Vor so genannten Nahrungsergänzungsmitteln aber warnt Simon. Teils seien diese ohne nachgewiesene Wirkung, teils könnten hochdosierte Vitamine Metastasen sogar erst auslösen. Wer sich gesund ernährt, brauche in der Regel keine Vitaminpillen. Mit Vitaminen könne man sich vergiften, sagte Simon.

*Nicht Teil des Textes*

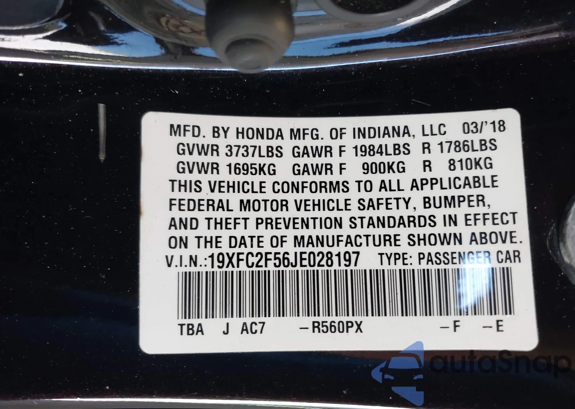 • VIN 19XFC2F56JE028197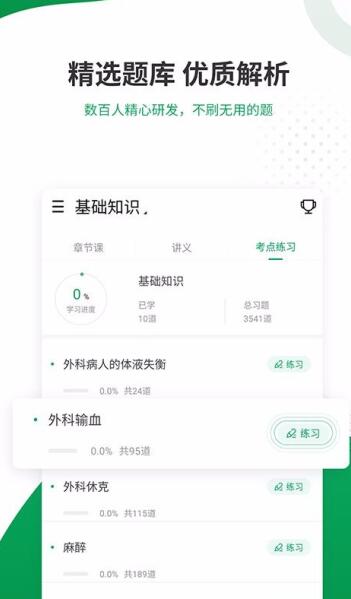 3、覆盖全面的重要考点,比如外科输血、外科休克以及麻醉等多种考点栏去观看。

Bei der Vielfalt nicht biologischen Therapien aus der Alternativmedizin - beispielsweise Akupunktur, Heilhypnose oder Autogenes Training - sieht Simon den Vorteil in erster Linie in der Verbesserung der seelischen Gesundheit seiner Patienten. Auch dadurch können Krankheiten einen günstigeren Verlauf nehmen. Ein Hauptaugenmerk wird in diesem Zusammenhang seit wenigen Jahren auf die sportliche Betätigung von Krebskranken gelegt, da sich herausgestellt hat, dass Sport und Bewegung ein wichtiges Element sind, um eine Tumorerkrankung zu besiegen.

Für offen gebliebene Fragen stand Simon im Anschluss noch einige Zeit zur Verfügung.